Owning a car in the UK offers unparalleled freedom, giving you the ability to manoeuvre as you please. But what if a blemished credit score casts a shadow on this freedom? Let’s take a closer look at how Motorly can help you get car finance with a less-than-perfect credit score.
Car finance refers to any financial product that allows you to purchase a car without having to pay the entire cost upfront. Common variants in the UK include Personal Contract Purchase (PCP), Hire Purchase (HP), and personal car loans. Now, let’s understand the role your credit score plays.
Simply put, your credit score is a numerical reflection of your financial trustworthiness, drawn from your past fiscal conduct. Depending on the credit agency you use, it’s often marked as a score out of either 700 or 1000, with a higher score auguring well for credit approval at favourable terms. Conversely, a lower score could muddle your financing prospects.
When seeking car finance, lenders scrutinise your credit score to quantify the risk associated with lending you funds. This three-digit figure enables them to gauge your repayment capacity and propensity.
A less-than-perfect credit score may lead to a denied car finance application. Even if approved, you might face heightened interest rates, hefty down payments, or truncated repayment periods.
Indeed, securing car finance with a poor credit score is challenging yet possible. Motorly are experts in Bad Credit Car Finance and can help you obtain the finance you need. Let’s delve deeper into this prospect.

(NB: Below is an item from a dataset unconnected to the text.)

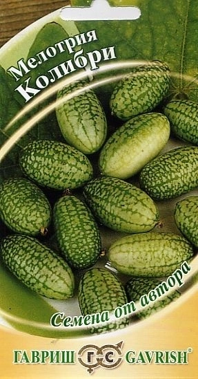 Колибри - новый сорт, рекомендуется для выращивания на приусадебных участках. Мелотрия - малораспространенная овощная культура семейства тыквенных, родом из Африки. Это своеобразный миниатюрный огурец - небольшие плодики (1,5-2,5 см) светло-зеленого цвета по вкусу напоминают огурец, а плотная кожица имеет приятный кисловатый привкус. Прекрасно подходит для засолки, маринования, по вкусу напоминает пикули. Мелотрия - однолетнее травянистое растение, которое формирует побеги длиной до 3 м. Листья треугольной формы, остороконечные, опушенные. Растения имеют ярко-желтые воронковидные раздельнополые цветки: женские расположены на растениях одиночно, мужские собраны в узлах по нескольку штук. Мелотрию используют в озеленении, растения хорошо ветвятся, быстро разрастаются, легко крепятся усиками к всевозможным опорам, полностью оплетая их. Очень неприхотлива, любит рыхлые, хорошо увлажненные почвы. Уход заключается в своеременных прополках, поливах, рыхлениях, подкормках.

While your credit score is a key determinant, it’s not the be-all and end-all for lenders. They also weigh your income, employment tenure, and debt-to-income ratio. Despite a dented credit score, these favourable factors could still swing the approval in your favour.
Even with an adverse credit score, there are tactics you can employ to enhance your car finance prospects.
Enlisting a co-signer with a robust credit score could amplify your chances of approval. Essentially, the co-signer pledges to shoulder the loan burden if you default on repayments.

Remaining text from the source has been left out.